For the free energy calculations reported here, the AMBER ff14sb force field was used to describe the protein and intermolecular interactions, the lipid¹⁷ force field for the membrane, TIP3P for the water and the Joung-Cheatham parameters were used for the ions. The ligands were described using the GAFF with AM1-BCC charges, generated using antechamber. All non-bonded interactions within 12 Å were calculated directly, Lennard-Jones interactions were switched to zero from 10–12 Å, and long-range electrostatic interactions were calculated using the Particle Mesh Ewald method (see the Supporting Information for details and references).

The region in which GCMC moves were carried out was defined as a sphere with a radius of 6.0 Å (for which B_equil = −6.820), centered on the average coordinate of the C_α atoms of the Gly34 residues. This was chosen to ensure that the two water layers of interest are covered by the GCMC sampling. Version 1.0.0 of the grand Python module⁵⁸ was used alongside OpenMM to carry out the GCMC sampling, with the MD sampling carried out using the native OpenMM functionality.

For each enantiomer, an initial equilibration procedure was applied, beginning with a very short minimization, following which the waters present in the GCMC region were deleted. This was followed by GCMC/MD equilibration at B_equil, to allow the waters in the GCMC region to be repopulated without bias, and then constant pressure equilibration to allow the volume of the system to equilibrate. The GCMC/MD stage was carried out in three phases to ensure rigorous equilibration of the waters before significant movement of the protein complex: first 1 ps of MD, with 5k moves attempted every 100 fs; then 10 ps of MD, with 100 moves every 200 fs; and finally, 50 ps of MD, with 500 moves every 250 fs. The constant pressure equilibration was carried out for 500 ps. The resulting equilibrated structure for each enantiomer was used as a starting point for each set of independent repeats in order to ensure that they all had the same system volume and, therefore, sampled the same ensemble.

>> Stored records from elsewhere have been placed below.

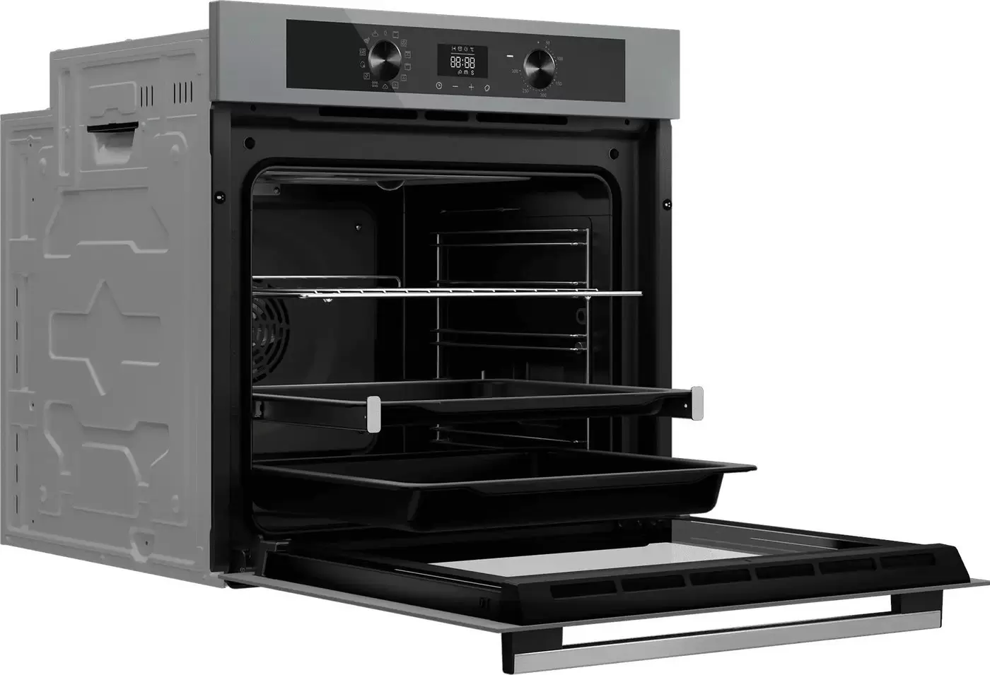 Код товара: 4155683. Фирменный ПОДАРОК при заказе через корзину сайта! Стоимость товара на сайте указана с учетом скидки.информация о наличии и сроках доставки носит справочный характер.точную информацию уточняйте у менеджера. Тип духового шкафа: электрический Класс энергопотребления: A+ Управление: электронное Размер: полноразмерный (классический) Цвет: серый Мощность подключения: 3 500 Вт Объём духового шкафа: 78 л Очистка духового шкафа: каталитическая, паровая Каталитическая очистка: задняя стенка Направляющие: проволочные + телескопические Количество телескопических направляющих: 1 Конвекция: Да Микроволны: Нет Приготовление на пару: Да Особенности дизайна: утапливаемые переключатели Индикация: светодиодная Функциональные особенности: плавное закрывание, таймер, звуковой сигнал, термостат, освещение Тип таймера: с отключением программы Камеры с раздельным приготовлением: Нет Максимальная температура: 300 °C Дверца духовки: откидная Количество стекол дверцы духовки: 2 Количество режимов работы: 13 Автоматические программы приготовления: Нет Гриль: Да электрический Режимы работы: нижний нагрев, гриль + конвекция, поддержание температуры (подогрев), подготовка теста Дополнительные режимы: СушкаВыпечка с конвекциейПиццаВыпечка Термощуп: Нет Комплектация: стандартный противень, глубокий противень, решетка Количество противней: 2 Виды противней и форм: эмалированный Ширина: 59.5 см Глубина: 56.5 см Высота: 59.5 см Вес: 29 кг Высота: 60 см Ширина: 56 см Глубина: 56 см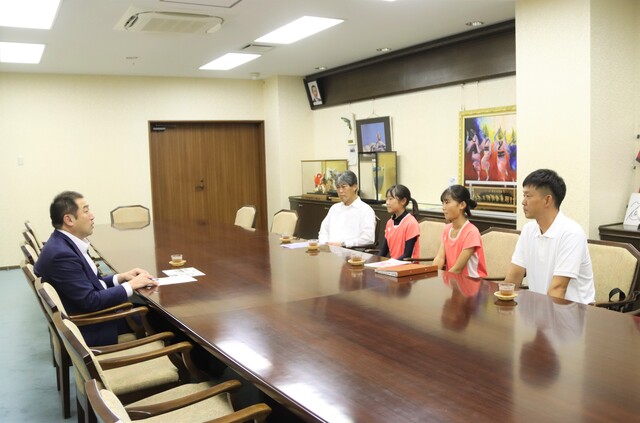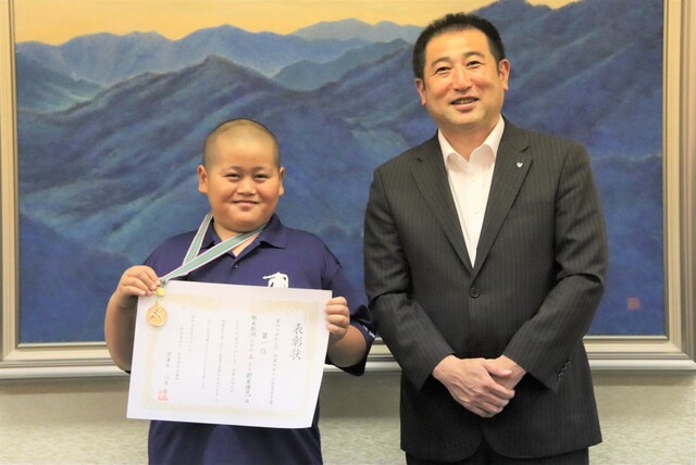 7月23日、名西Jr.相撲倶楽部に通う新居理恩さん(飯尾敷地 小5年生)が市役所を訪れ、8月10日に東京のひがしんアリーナ(墨田区総合体育館)にて開催される「第40回わんぱく相撲全国大会」に出場する旨を市長へ報告しました。新居さんからは「入賞を目指して頑張ります」とに向けての意気込みが語られました。 |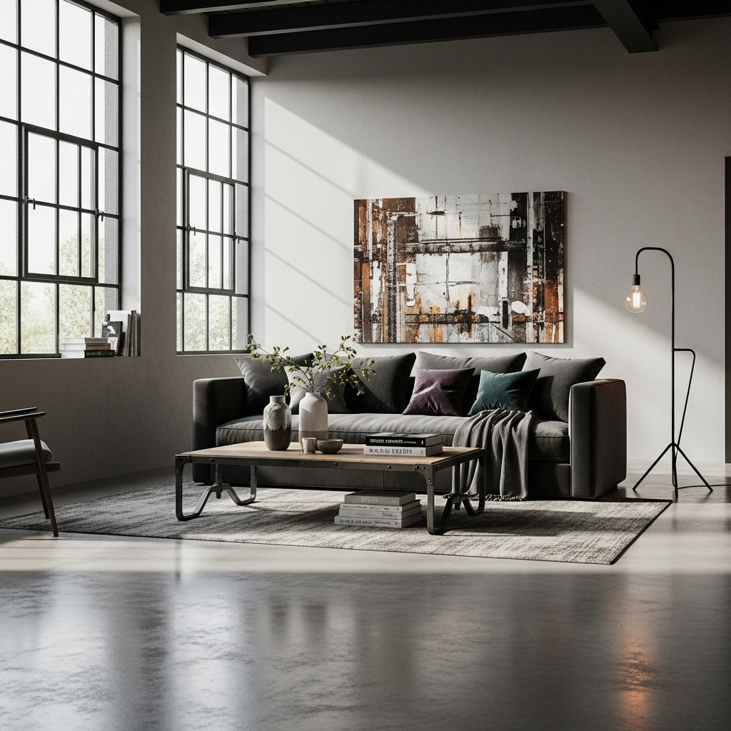 The industrial look has matured, moving away from raw roughness toward a more refined aesthetic. Think blackened steel frames, polished concrete floors, and exposed brickwork softened by high-end textiles and warm lighting.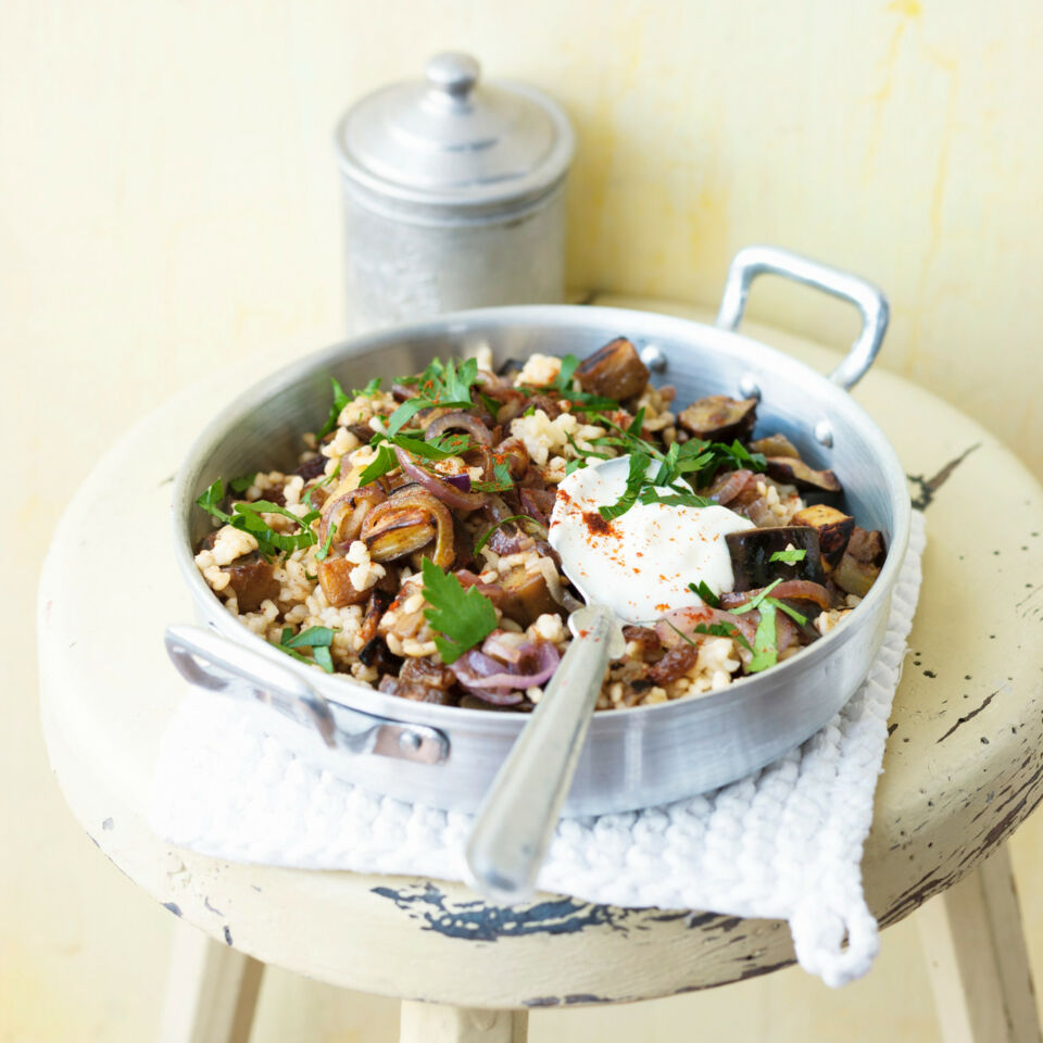 Der libanesische Bulgur wird mit Aubergine und roten Zwiebeln zubereitet. Zimt und Kurkuma geben ihm orientalische Würze.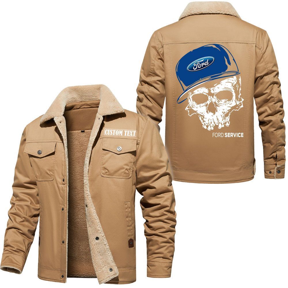 Ford Logo Custom Name Cargo Fleece Lined Cotton Jacket Personalized Outerwear with Skull Design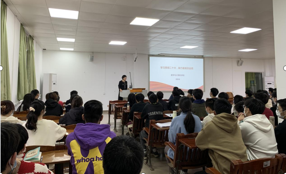 周荣伟从党的二十大报告整体框架入手,详细为同学们解读党在过去五年和新时代十年取得的伟大成就,围绕新时代十年的三件大事,引导同学们正确看待党领导中国所发生的伟大变革。她结合“开辟马克思主义中国化时代化新境界”“中国式现代化推进中华民族伟大复兴的使命任务”“高质量发展的战略部署”等对党的二十大报告进行了重点解读。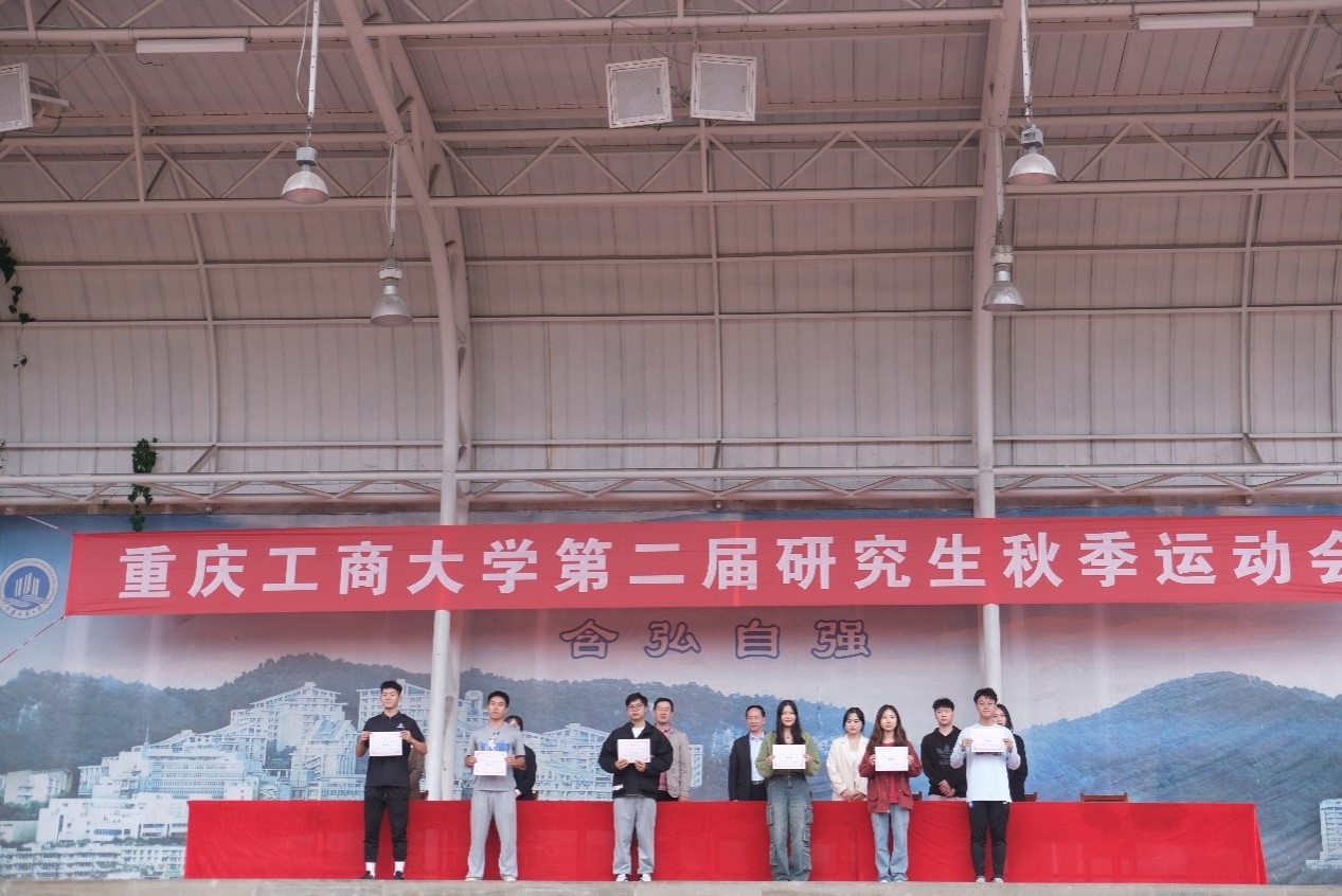 闭幕式上,研究生院副院长邓龙奎、研工部徐阔老师以及研究生会主席团分别为各团体代表颁奖。邓龙奎对所有参与者的支持和付出表示感谢。同时,他还强调了体育运动在锻炼身体、磨炼意志等方面的重要意义。他希望同学们能够将这种积极向上的精神带入到学习和生活中去,为实现更高的人生目标而努力奋斗。
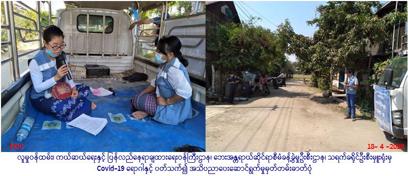 လူမှုဝန်ထမ်း၊ ကယ်ဆယ်ရေးနှင့် ပြန်လည်နေရာချထားရေးဝန်ကြီးဌာန၊ ဘေးအန္တရာယ်ဆိုင်ရာစီမံခန့်ခွဲမှုဦးစီးဌာန၊ သရက် ခရိုင်ဦးစီးမှူးရုံးမှ တာဝန်ရှိသူများသည် မြတ်ပါရမီပရဟိတအသင်းတို့နှင့်ပူးပေါင်း၍ (၁၈.၄.၂၀၂၀)ရက်နေ့တွင် ကံမမြို့နယ် အတွင်းရှိ ပဇင်းနိမ့်ကျေးရွာ၊ အုတ်ပုံကျေးရွာ၊ မင်းတဲကျေးရွာ၊ အုပ်ရှစ်ကုန်းကျေးရွာနှင့် သစ်ငုတ္တထောင်ကျေးရွာတို့တွင် COVID-19 ကူးစက်ရောဂါနှင့်ပတ်သက်၍ အသိပညာပေး ဆောင်ရွက်ခဲ့ပါကြောင်း ဆောင်ရွက်ခဲ့ပါကြောင်း သတင်းရရှိသည်။

For each independent set of repeats, for each enantiomer, a further GCMC/MD equilibration was carried out at B_equil for 500 ps, with 50 GCMC moves executed every 250 fs. From this, multiple simulations were run at 21 equally spaced B values, from −24.820 to −4.820. Each of these simulations was equilibrated for 500 ps, with 50 GCMC moves every 250 fs, to allow the number of waters to adjust to the new B value. This was followed by a production run of 2.5 ns, with 20 GCMC moves per 500 fs, with simulation frames written out every 5 ps. The average number of waters observed in the GCMC region, 〈N〉, was calculated over these production runs. Three sets of these simulations were carried out for each enantiomer, generating three values of 〈N〉 per B value, per enantiomer (Table S3).

Free Energy Calculations.

In order to determine the relative free energies of both hydration and binding for the two enantiomers, free energy calculations were performed in OpenMM, using version 0.7.1 of the perses Python module,⁵⁹ using the force fields and non bonded cutoff values described previously. This involved perturbing each of the enantiomers into an achiral intermediate compound, in which the methyl group of rimantadine is replaced by a hydrogen atom. Full details of these calculations and references are provided in the Supporting Information.